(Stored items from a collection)
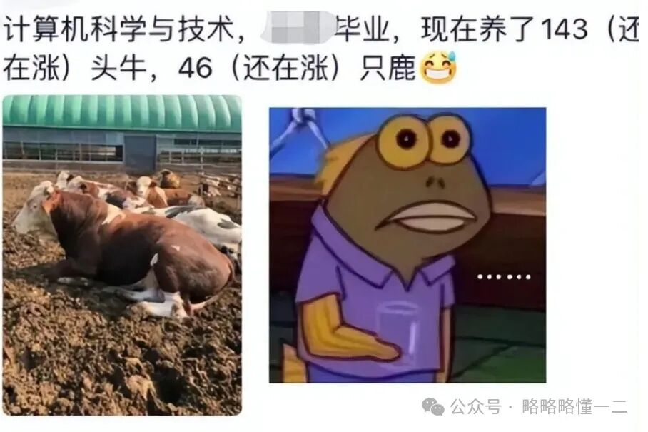 这名同学说自己计算机科学与技术专业的学生,毕业后养了143头牛和46只鹿,而且还在规模扩大中,这岂不是要成为养殖场老板了?
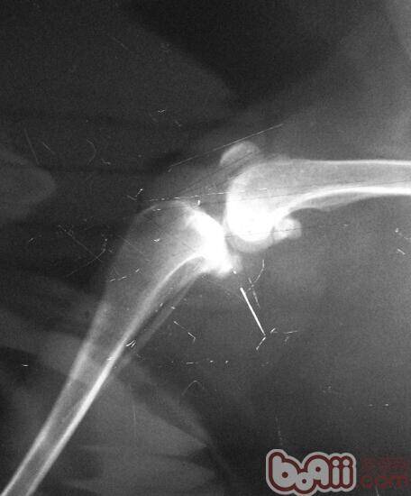 早前有其他宠物医院的宠物医师请求会诊,说有一只七岁的松狮母狗,17kg,运动后出现跛行,左后脚不能负重。一周后到宠物医院门诊,发现膝关节肿胀,拍摄x光片未见骨头明显异常,用药三天消肿但仍不能负重。生化与血常规未见明显异常。
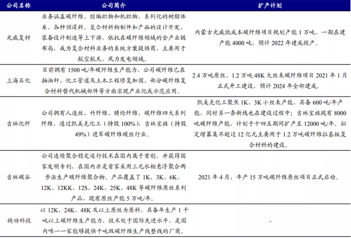 国内上海石化、吉林化纤等均有大丝束碳纤维扩产计划
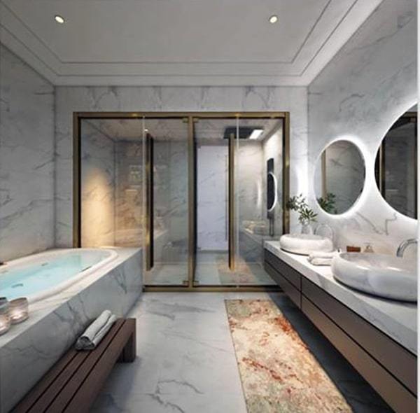 Phòng tắm có diện tích rộng với những tiện nghi cao cấp, hiện đại. Theo tìm hiểu, tổ ấm mới của giọng ca Nắm lấy tay anh nằm trong khu dân cư cao cấp ở Hà Nội. Hai vợ chồng anh mua nhà từ giữa năm 2019 nhưng đến đầu năm 2020, sân vườn mới hoàn thành. Đây là biệt thự đầu tiên của cả hai sau khi đã sở hữu 3 căn hộ cao cấp.
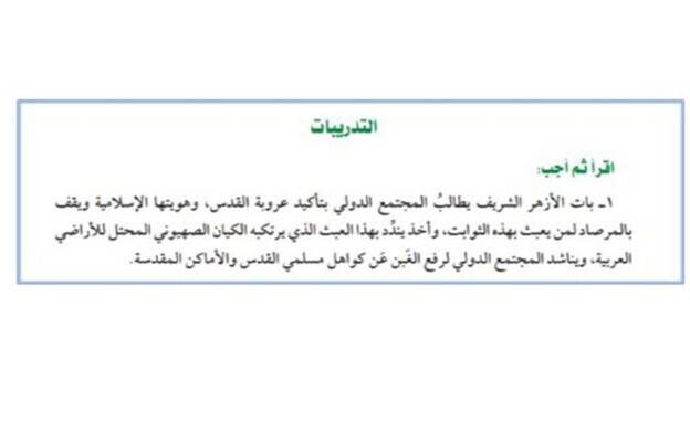 وأضافت: "في كتاب الأزهر يتعلم الطلاب أن على المجتمع الدولي أن يعترف بالهوية العربية للقدس، التي هي عاصمة فلسطين الأبدية، وتتجاهل المادة الدراسية أي صلة إسرائيلية أو يهودية بها، ويتعلمون أيضًا أن جميع المسلمين ملزمون بحماية القدس من الكيان الصهيوني الغازي".

### What is being asked
Both boundary lines included, write out word for word only the lines above from the one containing "早前有其他宠物医院的宠物医师" to the one containing "Phòng tắm có", leaving out any pictures.

### Response below
 早前有其他宠物医院的宠物医师请求会诊,说有一只七岁的松狮母狗,17kg,运动后出现跛行,左后脚不能负重。一周后到宠物医院门诊,发现膝关节肿胀,拍摄x光片未见骨头明显异常,用药三天消肿但仍不能负重。生化与血常规未见明显异常。
 国内上海石化、吉林化纤等均有大丝束碳纤维扩产计划
 Phòng tắm có diện tích rộng với những tiện nghi cao cấp, hiện đại. Theo tìm hiểu, tổ ấm mới của giọng ca Nắm lấy tay anh nằm trong khu dân cư cao cấp ở Hà Nội. Hai vợ chồng anh mua nhà từ giữa năm 2019 nhưng đến đầu năm 2020, sân vườn mới hoàn thành. Đây là biệt thự đầu tiên của cả hai sau khi đã sở hữu 3 căn hộ cao cấp.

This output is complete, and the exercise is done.